L'amour n'a pas d'âge
Que cela peut être horripilant, ces nids de curieuses qui radottent et déblatèrent avec une curiosité malsaine et une voix un peu pincée « Mais quand mêêêêmme, il est beaucoup plus âgé qu’elle ! » Et bien oui, une fois pour toute, qu’on se le dise, l’amour n’a pas d’âge.
Certaines aiment la peau douce et lisse des éphèbes, d’autres les traits marqués des hommes virils : les vieux ont été jeunes, les jeunes seront vieux et chacun y trouvera son compte.
Au risque de radoter moi aussi, je dirais que là encore, nous pouvons faire un parallèle entre les hommes et les vins. D’aucuns vont aimer la jeunesse d’un vin, sa candeur, sa timidité, parfois même sa spontanéité explosive, tandis que d’autres se laisseront séduire par la sagesse, le mystère et la complexité des arômes d’un vin qui a vieilli sereinement.
Oui, les vins évoluent avec le temps, ils changent, mais les terroirs s’expriment toujours. * Il y a ceux qui usent leurs défauts, ceux qui améliorent leur complexité ou encore ceux qui accumulent les stigmates du temps qui passe.
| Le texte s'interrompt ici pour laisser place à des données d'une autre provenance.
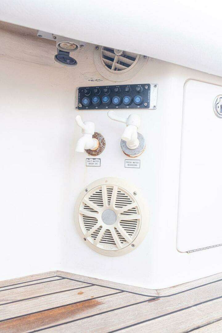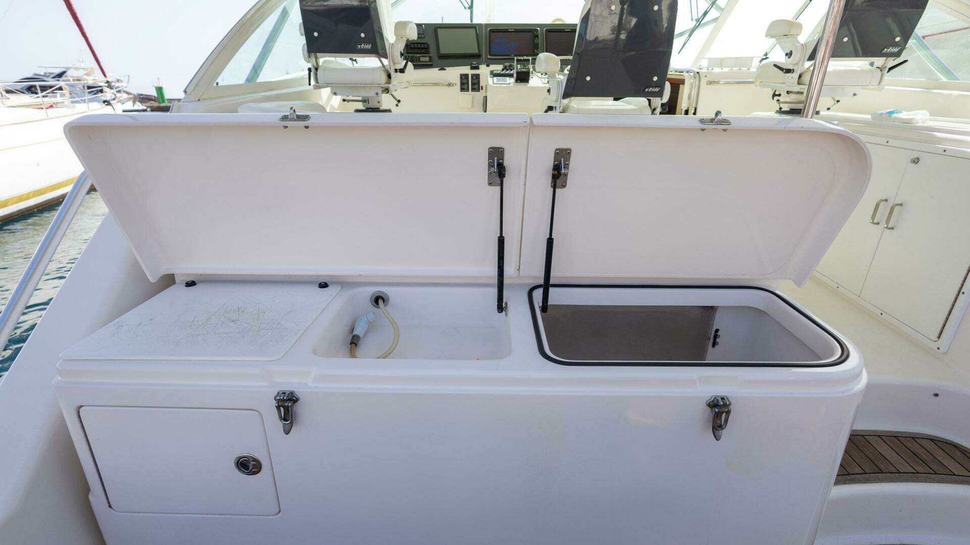 Standard features include a molded bow pulpit, teak-and-holly Cabin sole, recessed trim tabs, 48-gallon transom live well, fresh water / raw water washdowns, Cockpit bolsters, insulated in-deck fish boxes, bait prep center, lockable rod storage, bait freezer and transom door.

Mais faut-il choisir son camp définitivement ? Je ne crois pas… Les vins vieux, c’est une expérience à faire, indéniablement. Je suis embarrassée de vous dire ça car, pour dénicher un vin d’une année antérieure à notre naissance sans y laisser trop de plumes, il faut avoir le cœur bien accroché.
Mais n’oublions pas que les vins jeunes, eux aussi nous révèlent des merveilles. Il suffit d’entendre parler Michel Chapoutier de sa Marsanne*, décrire cette rigidité soutenue, cette amerture texturée… et dire haut et fort « Ce n’est pas parce qu’elle baisse les yeux qu’elle n’a pas de sensualité ».
Tout est là ! Ce que l’on recherche c’est le plaisir, la convivialité, un flirt rafraîchissant avec un vin dans la fleur de l’âge ou une relation spirituelle avec un vin dans la force de l’âge.
Faisons nous plaisir alors ! Filons visiter les vignobles, faisons les yeux doux aux vignerons pour qu’ils nous ouvrent leurs vieilles bouteilles et nous transmettent leur patrimoine. Usurpons une cave vide pour y stocker nos flacons qui sont encore dans leur prime jeunesse et armons nous de patience, car un jour ils auront pris quelques années (et nous quelques rides) et nous pourrons les déboucher avec ardeur pour en découvrir la "substantifique moëlle".
Mais ne philosophons pas trop, on m’a glissé à l’oreille que pour vivre vieux, et donc goûter nos vins qui reposent paisiblement, il faut prendre des douches froides (humm… moui), manger du chocolat noir amer (oui ! oui !) et faire beaucoup l’amour (***) ! Alors je me dis qu’à moins d’observer un (autre) cataclysme mondial, on devrait pouvoir s’en sortir.
Ecoutons donc les sages paroles du vigneron : si l’on n'a pas besoin d’être gynécologue pour faire l’amour, on n'a pas besoin d’être œnologue pour déguster. Alors tous à vos verres (soufflés bouche), portons un toast à la relation tumultueuse et passionnelle que nous entretenons avec le vin, qu’il soit jeune ou vieux, explosif ou timide et promettons-nous d’aimer à tout âge !
* De l’Orée 2001 - Ermitage Blanc
* Certaines idées sont nourris des propos passionnés de Michel Bettane et Michel Chapoutier
Pour les grandes occasions, vous pouvez garder dans un coin de votre calepin, l’adresse du restaurant Laurent, un étoilé avec une carte des vins comme il y en a peu paraît-il, ainsi qu’une terrasse offrant une vue superbe sur le Théâtre Marigny pour la saison estivale.